Surreal
- Type: Cereal
- Inventor: Jac Chetland Kit Gammell
- Inception: Late 2021
- Available: Yes

= Surreal (cereal) =

Brand of breakfast cereal

Surreal is a brand of breakfast cereal launched in late 2021 founded in the UK by Jac Chetland and Kit Gammell. They have been listed by Selfridges, Holland & Barrett, Booths, Muscle Food, Amazon, Sainsbury's, Waitrose, Ocado, and Co-op Food.

Surreal was launched using money from employee shares and their own savings. Chetland and Gammell had previously been the seventh and ninth UK employees of Vita Coco, where they had run sales in Europe and marketing. Gammell is the son of Bill Gammell. In an interview with The Standard, the pair said that they set up the business as they felt that "tasty cereals" were "full of sugar" and that "healthy cereals" tasted "like cardboard". Subsequent market research showed demand for a cereal that was high-protein and zero-sugar. The pair spent the COVID-19 pandemic producing marketing content for social media.

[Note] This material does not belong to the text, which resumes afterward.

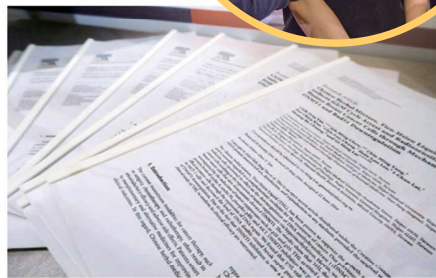
天仙液產品已發表16篇國際論文，25日首度召開研究成果發表會。

【台灣醒報記者林亭好台北報導】「今年6月，天仙液最新3篇研究論文指出：天仙液具有抗氧化、免疫細胞調節及抗腫瘤活性三大特質。」集結16年的深入研究，生技複方「天仙液」25日舉辦學術研究成果發表會。台大教授王萬波領導的團隊研究指出，天仙液裡的人蔘等成分並未刺激雌激素腫瘤增生，反而有抑制癌細胞的作用。

The brand launched with four flavours: cocoa, cinnamon, frosted, and peanut butter. Their first sale was to the head of product development for Kellogg's and their first listing was in Selfridges. By July 2022, they had introduced their mascot, a grinning face with a cereal bowl for a mouth; that month, they launched an ad campaign lampooning the well-known cereal mascots Tony the Tiger, Coco the Monkey, and Snap, Crackle, and Pop. Around this time, they hired Innocent Drinks copywriter John Thornton as a senior creative.

The firm ran an ad campaign in March 2023 citing endorsements by people with the same names as celebrities Serena Williams, Dwayne Johnson, Ronaldo, and Michael Jordan and an ad campaign in July 2024 featuring Neil Burgess as Gary Scott, a parody of the unruly Cillit Bang salesperson Barry Scott. From August 2024, Surreal frequently partnered with non-cereal firms to release new lines: that month with fitness firm Gymshark to launch a line tasting of strawberry milkshake, Cardi-O's; in April 2025 with sex toy firm Lovehoney to launch a line that came with a free Silver Magic Bullet vibrator, Dild-O's; and in November 2025 with coffee firm Grind & Co. to launch a line tasting of tiramisu. Earthling Studio redesigned the brand's packaging in November 2025; subsequent adverts mocked the rebrand's subtlety.